Mississauga, Canada Resilience Full time

A career at Resilience is more than just a job - it’s an opportunity to change the future.

Resilience is a technology-focused biomanufacturing company that’s changing the way medicine is made. We’re building a sustainable network of high-tech, end-to-end manufacturing solutions to better withstand disruptive events, serve scientific discovery, and reach those in need.

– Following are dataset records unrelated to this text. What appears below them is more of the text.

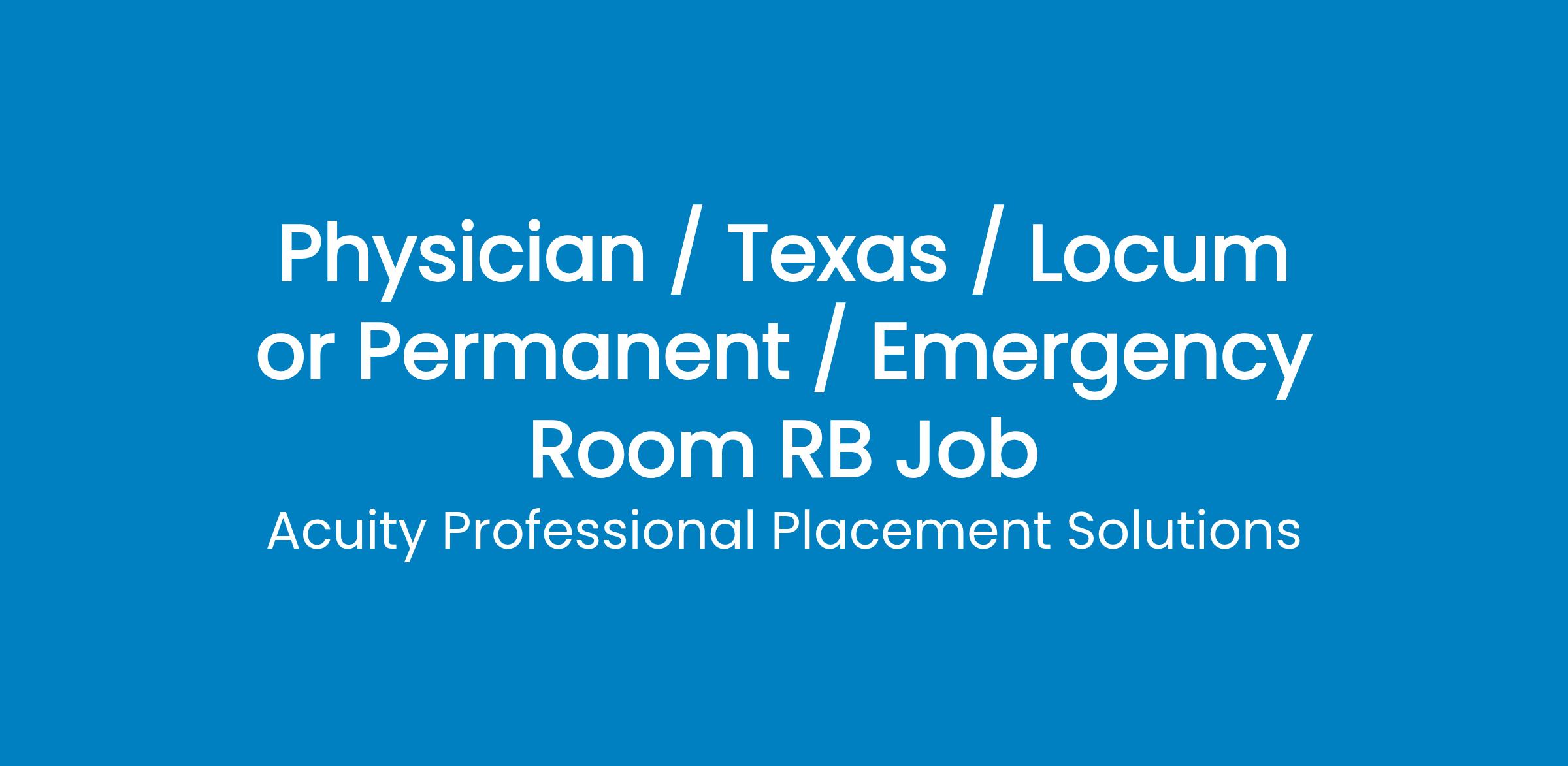 The post Emergency Room RB appeared first on Acuity Healthcare .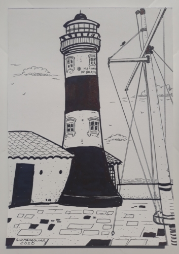 Salvador é sem dúvida uma das cidades mais maravilhosas do Brasil. A primeira capital brasileira tem um patrimônio histórico invejável. Dentre estes monumentos da História tupiniquim está o Farol da Barra que fica localizado no Forte de Santo Antônio da Barra. Esta fortificação militar foi construída no século XVI e hoje está sob a responsabilidade da Marinha do Brasil. Quando estou em terras soteropolitanas sempre visito o Museu Náutico da Bahia que está instalado nas dependências do Forte e trata-se, de uma atividade lúdica e pedagógica para jovens e adultos. Produzi esta linda ilustração a partir de uma fotografia tirada por mim na última estada que fiz com minha esposa ao local no início deste ano de 2020 em viagem de férias. Descrição do Objeto Ilustração produzida com caneta nanquim Faber-Castell nº 0.6 e pincel marcador permanente e recarregável de cor preta (Bic Marking) sobre papel Canson branco, tamanho A4 de 200 g/m², medindo 210mm X 297mm.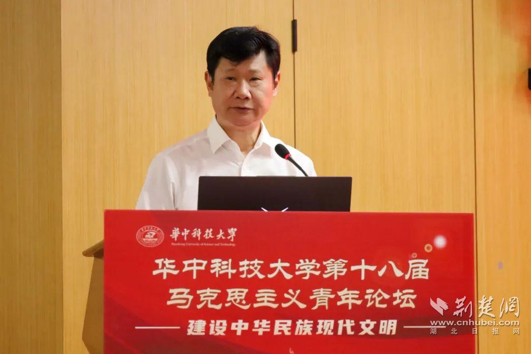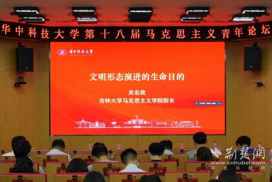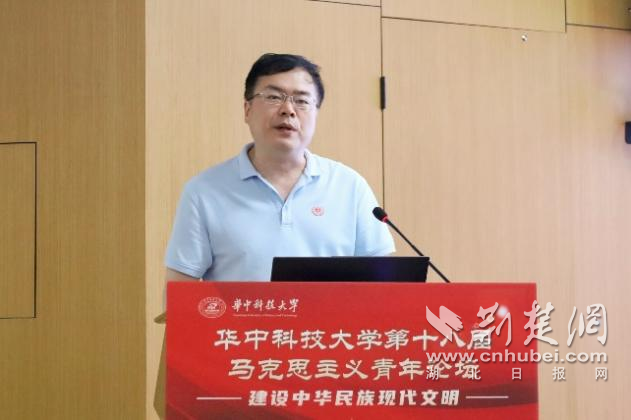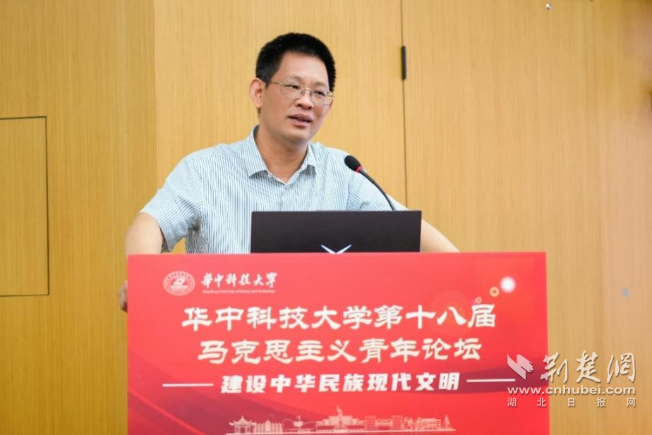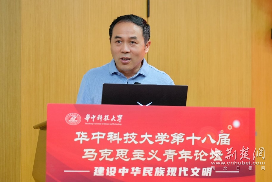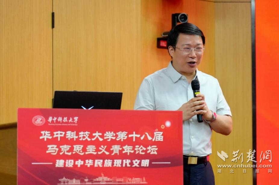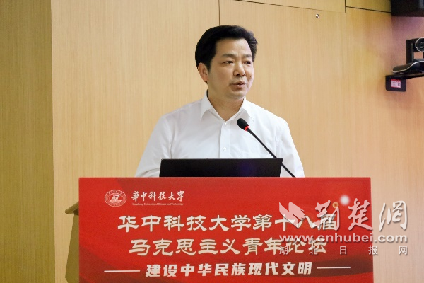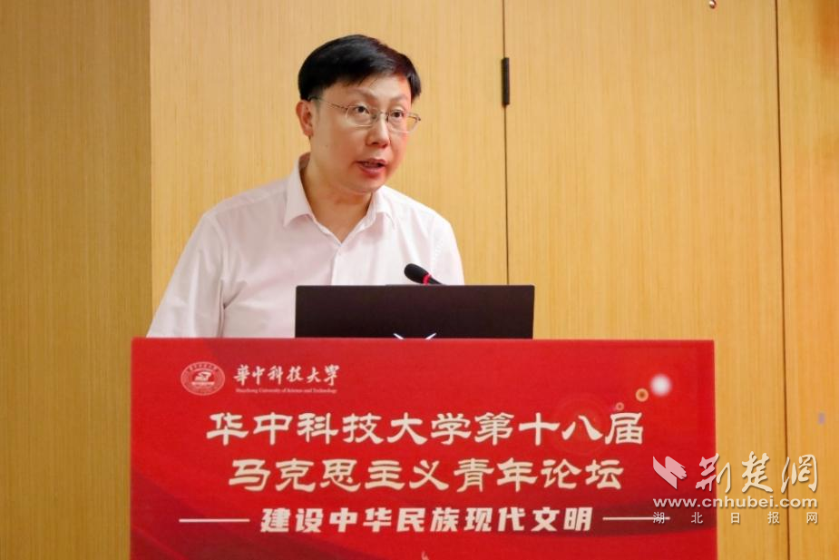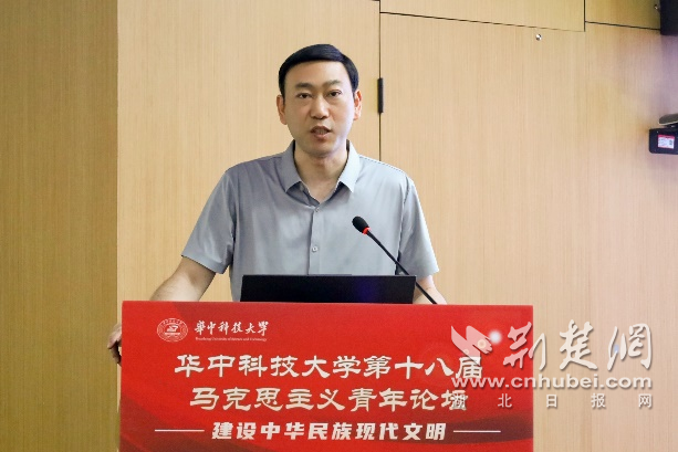 荊楚網(wǎng)(湖北日報網(wǎng))訊(通訊員 徐薇 楊夢楠)6月15日,由華中科技大學(xué)黨委宣傳部、共青團(tuán)華中科技大學(xué)委員會、華中科技大學(xué)馬克思主義學(xué)院、華中科技大學(xué)馬克思主義研究院、湖北省高校青年工作研究會、湖北省中國特色社會主義理論體系研究中心華中科技大學(xué)分中心共同舉辦的華中科技大學(xué)第十八屆馬克思主義青年論壇廳順利舉辦。來自該校和北京大學(xué)、武漢大學(xué)、吉林大學(xué)等多所高校和研究機(jī)構(gòu)的專家學(xué)者、青年學(xué)子共聚一堂,共同為中華民族現(xiàn)代文明和社會主義文化強(qiáng)國建設(shè)貢獻(xiàn)智慧。湖北省社科聯(lián)第九屆委員會主席、教授趙凌云,湖北省人大常委、人大教科文衛(wèi)委員會副主任喻立平,華中科技大學(xué)黨委副書記謝正學(xué),黨委宣傳部常務(wù)副部長詹健,團(tuán)委書記羅迪,人文社會科學(xué)處副處長童文勝,馬克思主義學(xué)院黨委書記王學(xué)東,院長岳奎,黨委副書記、副院長王明飛,馬克思主義研究院副院長梁浩偉以及來自全國各地高校的專家學(xué)者、青年學(xué)子共同參與此次會議。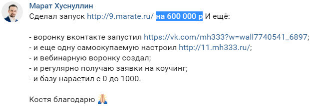 Результат: 300 человек на 2 тренинга за 2 недели, чистая прибыль = 230 000 рублей
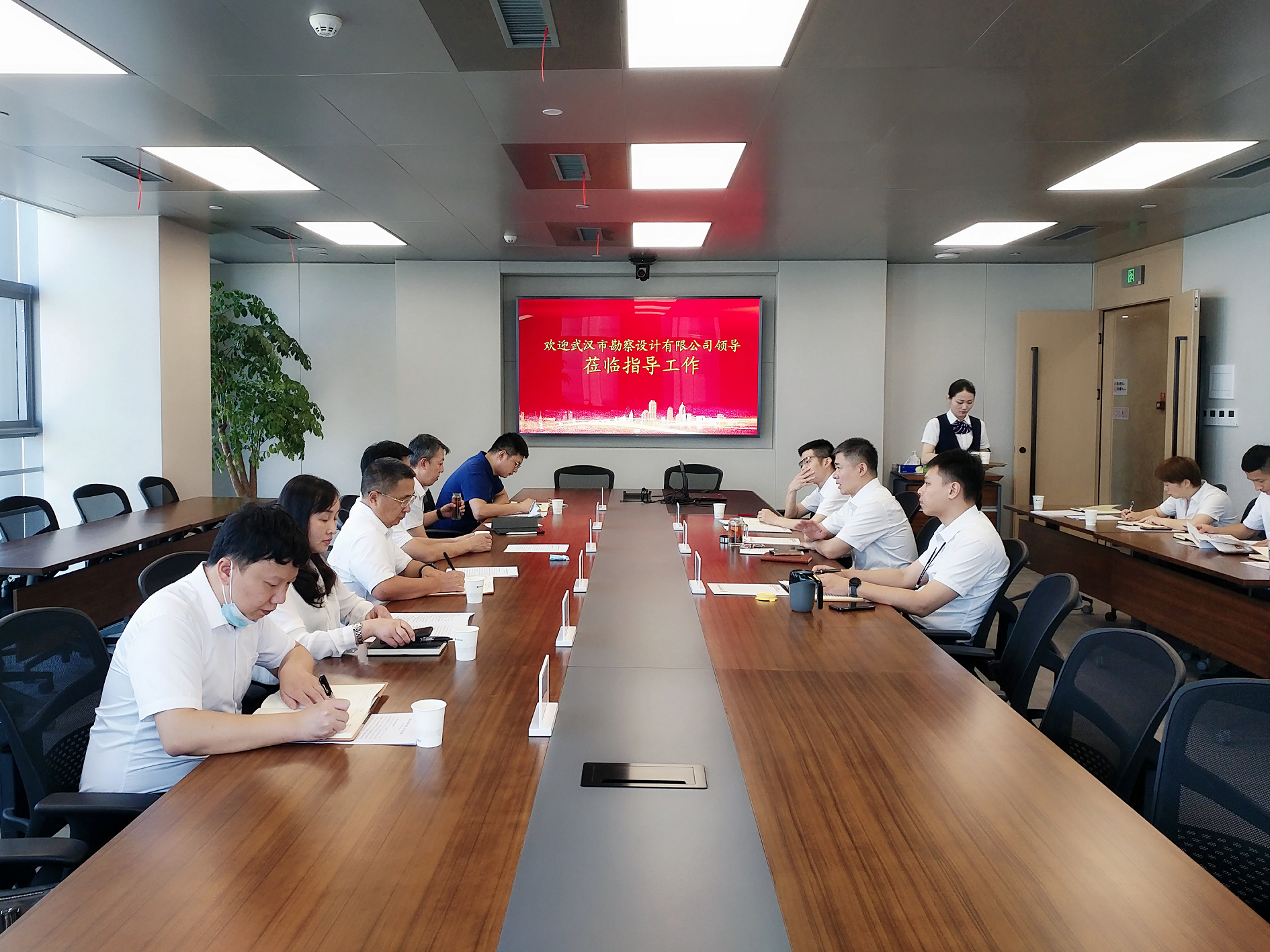 在聽取勘察公司情況介紹后,黃磊對公司一直以來提供的技術(shù)支撐及優(yōu)質(zhì)服務(wù)表示感謝。他提到,勘察公司是行業(yè)佼佼者,擁有強(qiáng)大的技術(shù)實力和人才優(yōu)勢,具備優(yōu)良的市場意識和服務(wù)品質(zhì),參與了眾多重大項目的勘察設(shè)計等技術(shù)服務(wù)工作,有著良好的業(yè)界口碑。他希望,勘察公司能依托自身優(yōu)勢,積極參與武漢市城市更新相關(guān)工作,共同為集團(tuán)發(fā)展和武漢城市建設(shè)出謀劃策、做出貢獻(xiàn)。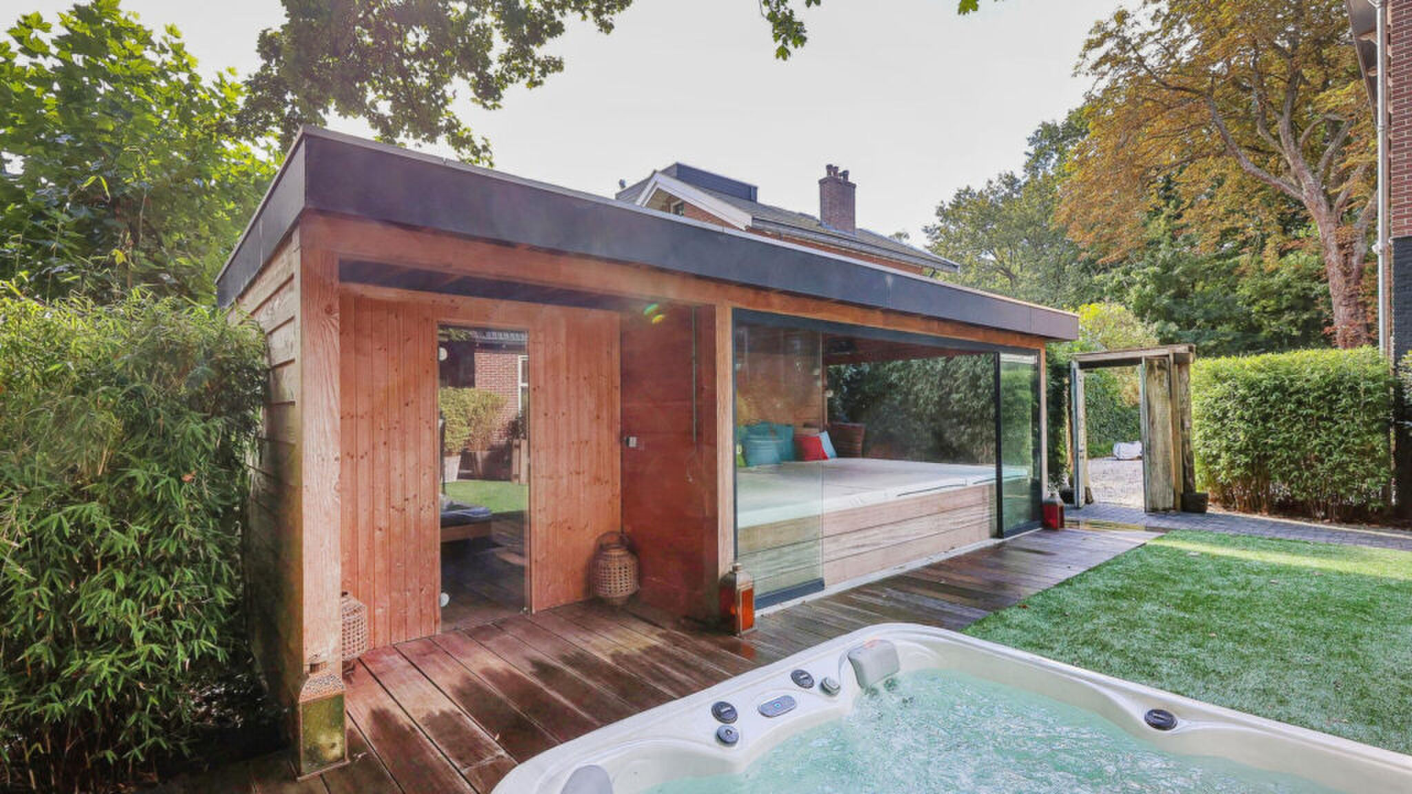 Ook de ruimte in de achtertuin is zodanig benut dat er aan luxe en comfort geen gebrek zal zijn. Er is bijvoorbeeld gedacht aan een grote sauna die, door middel van glazen schuifdeuren, uitzicht biedt op de rest van de achtertuin. Naast deze wellnessvoorziening is er rekening gehouden met een heuse jacuzzi aan de achterzijde van de villa. Hoewel dergelijke voorzieningen natuurlijk stroom vreten, zullen de maandelijkse energiekosten best meevallen. Wegens een twintigtal zonnepanelen is het pand bezegeld met energielabel B, waardoor je met een gerust hart de sauna aan kan slingeren. Zie hieronder een aantal extra foto’s van dit majestueuze huis van Sonja Bakker of neem een kijkje op Bekendeburen.

For more information, please visit

Position Summary & Responsibilities

This role assists in the quality oversight for suppliers/vendors used to manufacture, package, and test Resilience clinical and commercial products following Resilience policies, standards, procedures, and international cGMPs. The individual will assist with the review and will be responsible for the coordination and processing of supplier deviations and supplier change notifications as well as various other supplier quality activities related to raw materials, consumables, external labs, transportation suppliers, and more used for the manufacture, package, and testing of products manufactured by Resilience on behalf of its clients. The individual will also have responsibilities that include but are not limited to providing quality support to Resilience stakeholders and SMEs, and authoring/revising quality system documents as assigned. The Compliance and Supplier Quality is a key Supplier Quality role and reports to the Sr. Director of Compliance and Supplier Quality. The position can be physically located at any of the Resilience site locations listed and will ensure a close partnership with Site Quality teams in the management and oversight of GMP Suppliers and Service Providers.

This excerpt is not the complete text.